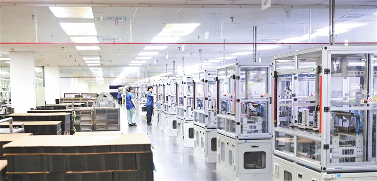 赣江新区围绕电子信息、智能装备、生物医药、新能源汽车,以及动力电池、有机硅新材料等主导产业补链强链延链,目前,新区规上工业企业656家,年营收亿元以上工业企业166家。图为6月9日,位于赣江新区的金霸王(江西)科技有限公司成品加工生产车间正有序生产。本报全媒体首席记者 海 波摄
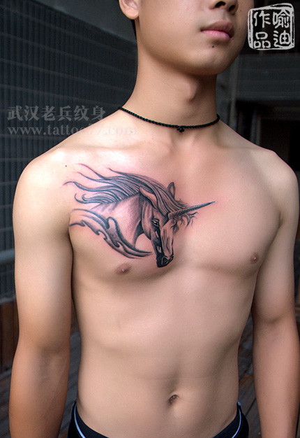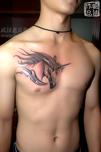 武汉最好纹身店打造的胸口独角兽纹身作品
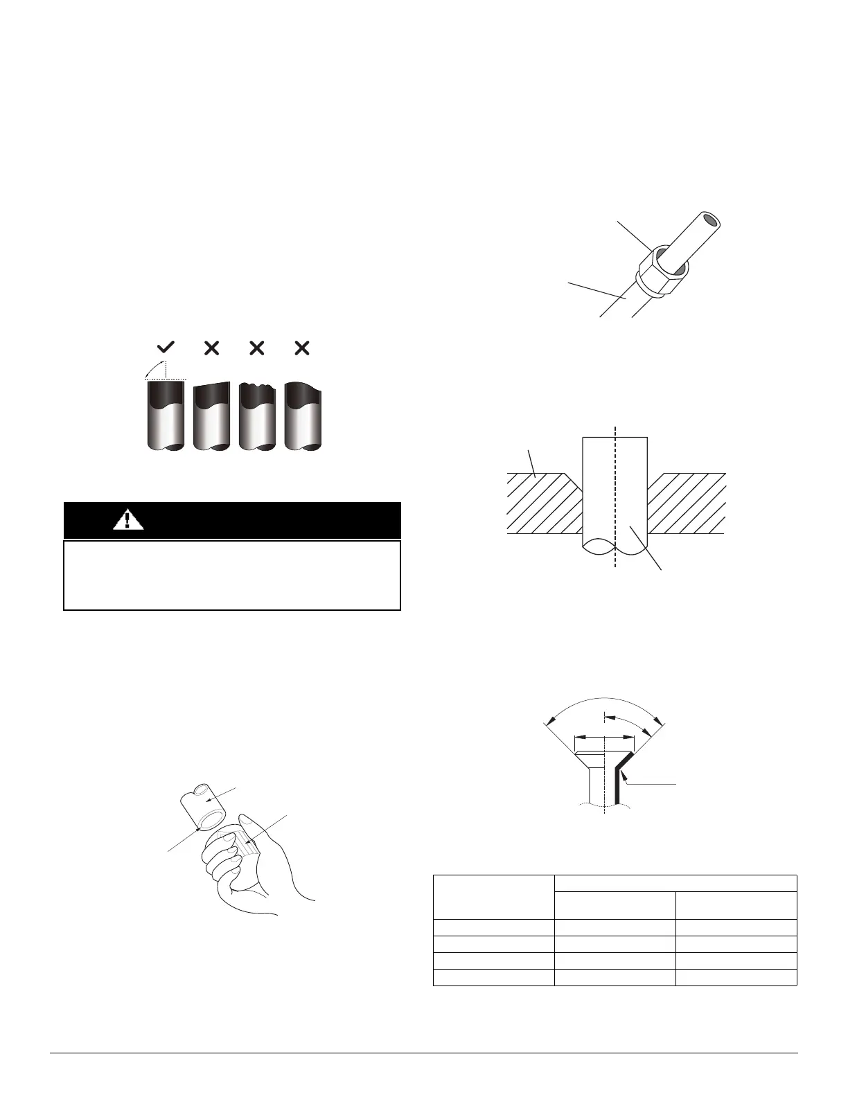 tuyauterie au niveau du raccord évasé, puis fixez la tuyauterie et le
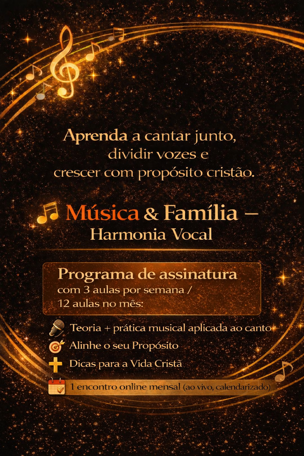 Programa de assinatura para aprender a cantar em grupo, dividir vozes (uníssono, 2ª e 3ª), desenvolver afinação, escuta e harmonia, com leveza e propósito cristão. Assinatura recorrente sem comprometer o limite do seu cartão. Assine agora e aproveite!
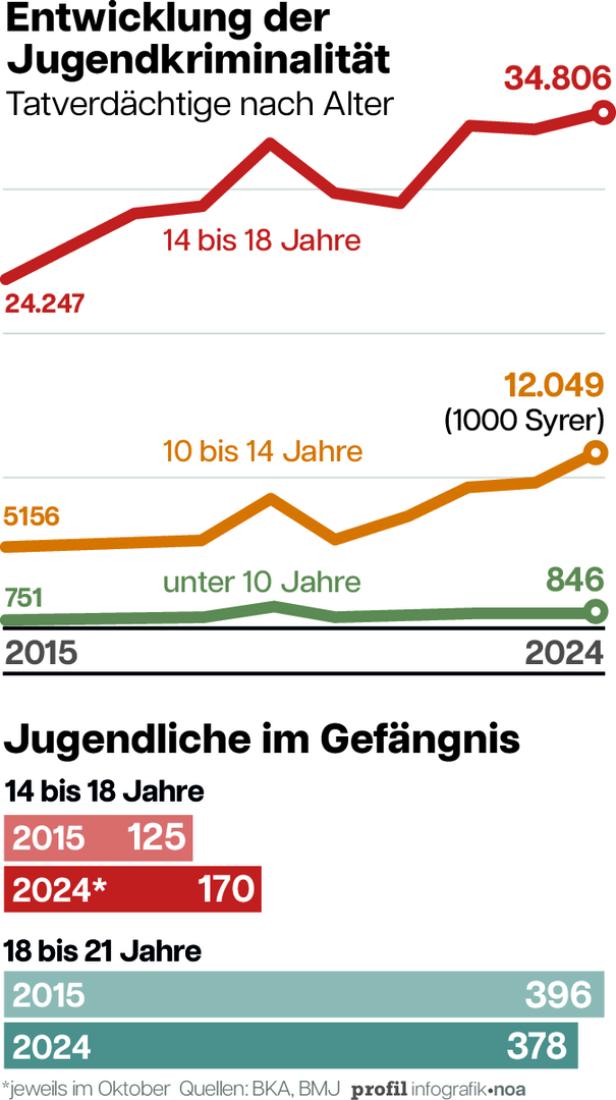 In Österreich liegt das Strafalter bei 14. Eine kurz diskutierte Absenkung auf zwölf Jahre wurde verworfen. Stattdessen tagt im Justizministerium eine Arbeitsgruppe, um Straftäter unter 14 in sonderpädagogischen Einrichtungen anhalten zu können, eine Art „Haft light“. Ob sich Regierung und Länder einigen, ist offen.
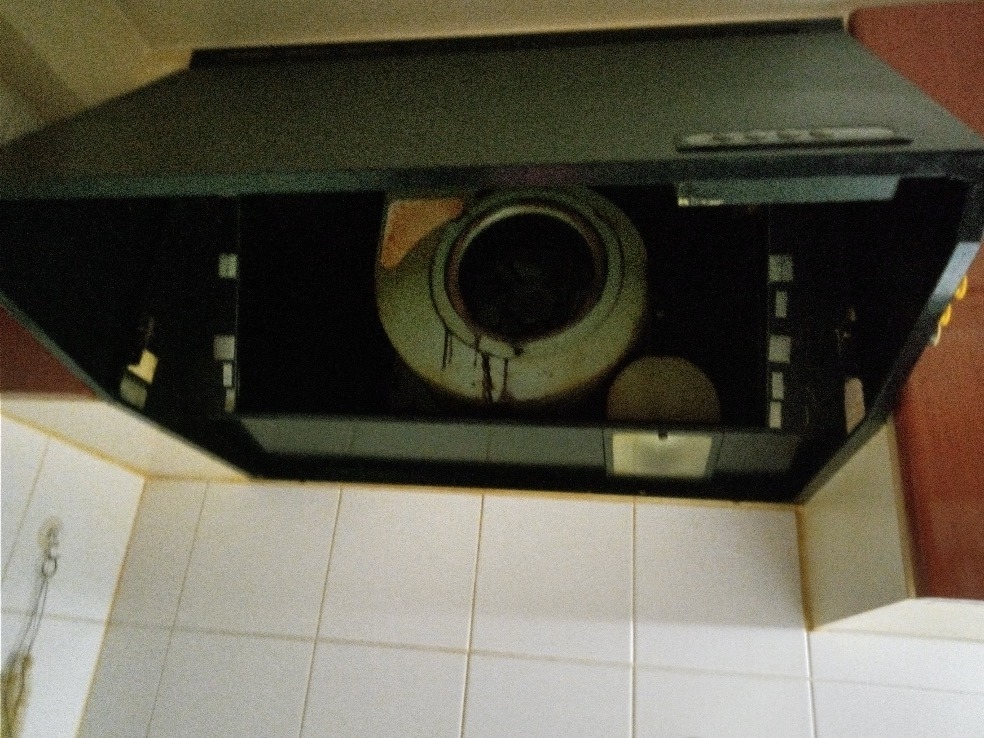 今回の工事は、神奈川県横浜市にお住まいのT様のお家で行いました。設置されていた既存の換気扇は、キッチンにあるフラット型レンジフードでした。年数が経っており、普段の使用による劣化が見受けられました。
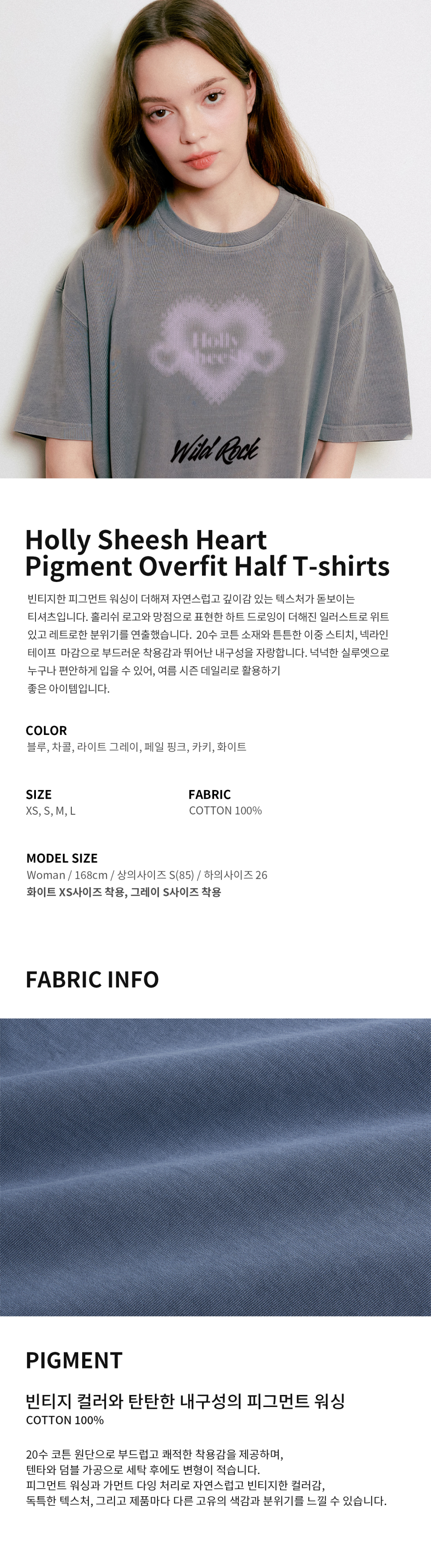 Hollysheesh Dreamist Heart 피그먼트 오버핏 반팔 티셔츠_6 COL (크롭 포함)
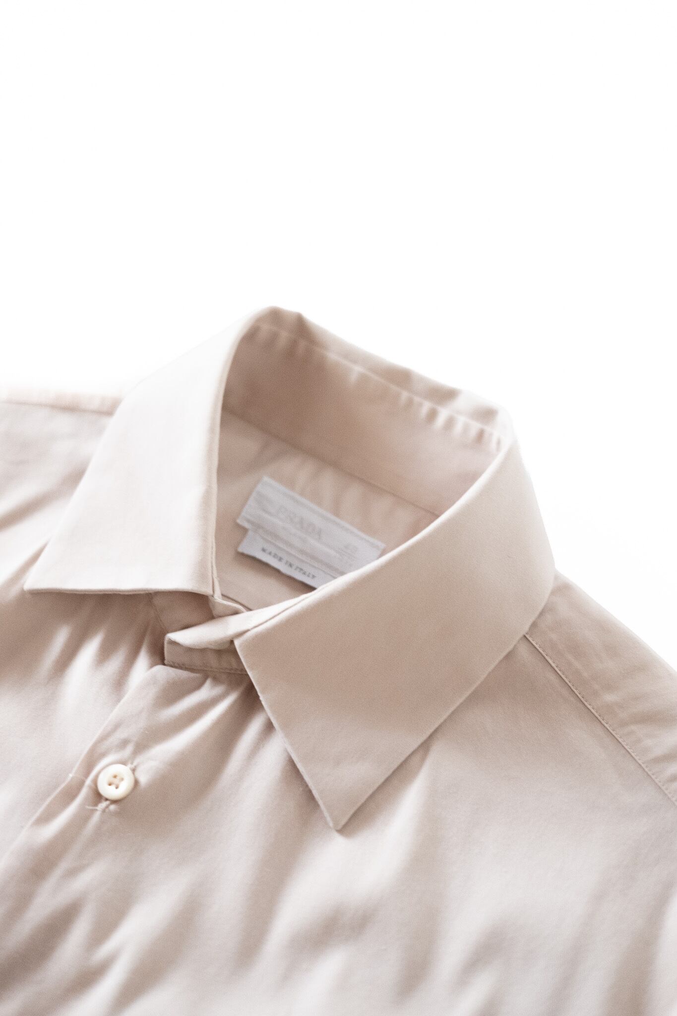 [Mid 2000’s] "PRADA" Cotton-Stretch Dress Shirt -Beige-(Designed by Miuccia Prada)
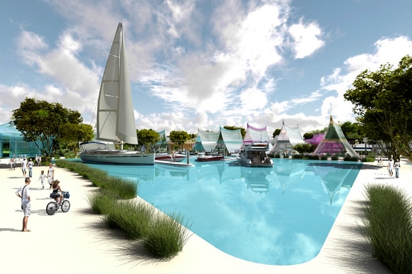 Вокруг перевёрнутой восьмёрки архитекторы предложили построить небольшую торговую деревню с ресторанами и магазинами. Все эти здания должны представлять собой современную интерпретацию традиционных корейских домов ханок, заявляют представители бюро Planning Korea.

### The problem
Although pictures appear among the entries, please set down only the lines from the one with "Hollysheesh Dreamist Heart" up to and including the one with "by Miuccia Prada)", word for word.

### Final answer
 Hollysheesh Dreamist Heart 피그먼트 오버핏 반팔 티셔츠_6 COL (크롭 포함)
 [Mid 2000’s] "PRADA" Cotton-Stretch Dress Shirt -Beige-(Designed by Miuccia Prada)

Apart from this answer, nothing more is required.